Les dessous des données publiques

En soi, raconter comment nous avons sélectionné et récupéré les données n’auraient pas grand intérêt, c’est notre cuisine interne.

Sauf que les questions et difficultés auxquelles nous avons fait face sont révélatrices des obstacles auxquels sont confrontés les journalistes, les chercheurs, les citoyens qui cherchent à obtenir des données publiques. Et qui plaident donc en faveur d’une simplification de l’ouverture des données… CQFD.

Nous avions décidé de nous limiter aux données ouvertes, ne nécessitant pas de travail d’agrégation (donc déjà disponibles, dans un format tableur, pour l’ensemble des communes françaises)1. Pas seulement pour nous demander moins de travail, mais pour nous mettre le plus possible dans la peau d’un utilisateur lambda, qui n’a pas forcément le temps ou les compétences pour récupérer, au sein d’un tableau régional, les données pour chaque département puis de les réinsérer dans un tableur global.

L’INSEE a donc été notre source principale. Nous avons cependant rapidement déchanté sur les données disponibles par commune. Il en existe beaucoup mais par forcément sur des indicateurs pertinents pour caractériser un territoire. Nous sommes donc régulièrement remontés à l’échelle du département : sur 16 questions, seules 4 portent sur la commune.

Au niveau des indicateurs sélectionnés, nous avons également dû revoir nos prétentions. Par exemple, nous voulions obtenir la consommation d’alcool par commune, du moins par département. Sur l’INSEE, les données – agrégées – ne sont disponibles que par région. Sur le site de l’OFDT, Observatoire français des drogues et des toxicomanies, certaines données par département sont disponibles, mais selon des indicateurs plus précis (usage régulier alcool à 17 ans en %, accidents corporels avec alcool, décès avant 65 ans par alcoolisme et cirrose,…) et des bases de données plus ou moins complètes selon les indicateurs.

Les données ont été ensuite ramenées à la population de la ville et du département pour obtenir un ratio par habitant, qui nous a semblé plus pertinent pour comparer des données.
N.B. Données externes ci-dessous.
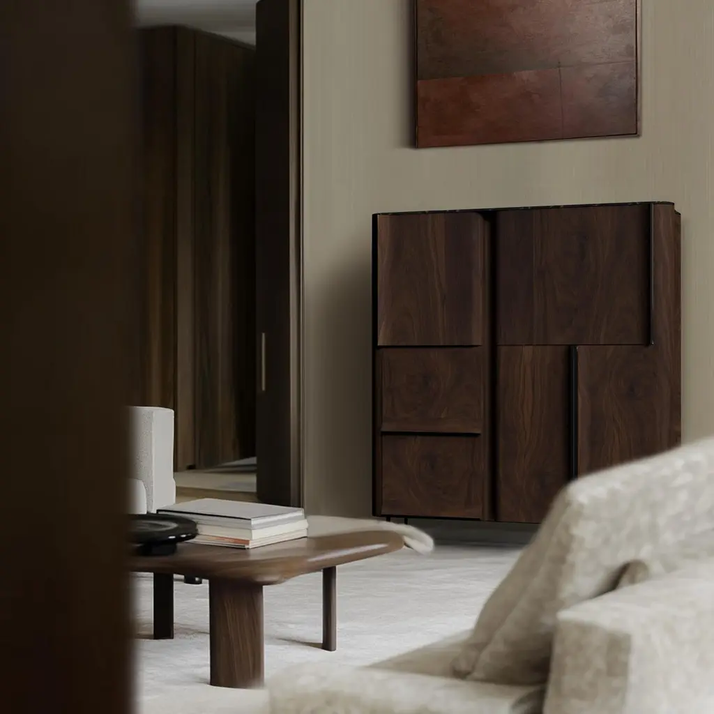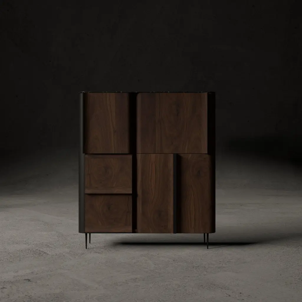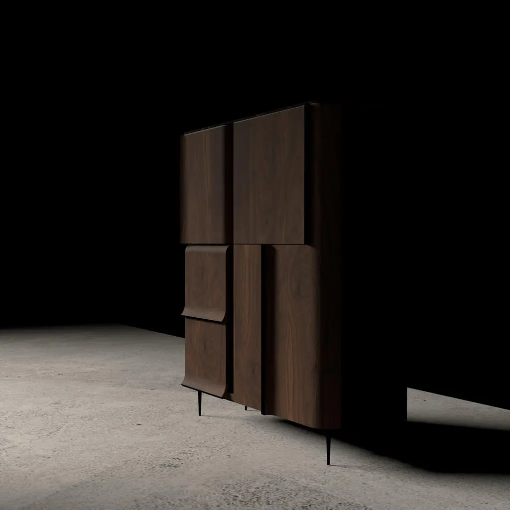 Curl Series Console by hm-LI StudioDimensions: W 140 x D 50 x H 158 cmMaterials: Walnut Wood, Black Lacquered Wood, Blackened Steel Legs, Marble Top Surface.The Curl Series seamlessly combines functionality with elegant design. Itsmulti-directional doors enhance accessibility and spatial interaction. The unique sandwich structure, blending stainless steel and wood, ensures stability and a light visual appeal. Smoothly curved bentwood door panels simplify operation and elevate user experience. With personalized finishes, the collection suits various decor styles, meeting diverse preferences.hm-LI Studio embodies a vision of timeless elegance and luxury in furniture design. Our mission is to blend art, architecture, and nature into creations that resonate with modern relevance and timeless appeal. As more than just a furniture brand, we innovate in the luxury home space, appealing to a broad, eclectic audience united by their pursuit of quality, unique expression, and a deep appreciation for artful lifestyle.

Chaque ville, département a fait l’objet d’un classement en catégorie « + Â», « ++ Â», « - Â», « = Â», « - - Â» selon sa position par rapport à la moyenne nationale.

Partir de l’utilisateur

Cette application a fait l’objet d’une longue maturation.
En janvier dernier, deux chercheurs sociologues du labo R&D OrangeLabs2, Valérie Peugeot et Dominique Cardon, qui s’intéressent à l’Open Data depuis maintenant trois ans, nous ont proposé de construire une application web qui permette d’évaluer l’impact de l’ouverture des données publiques (Open Data) sur celui qui est souvent le grand oublié des débats sur la question, le citoyen utilisateur final.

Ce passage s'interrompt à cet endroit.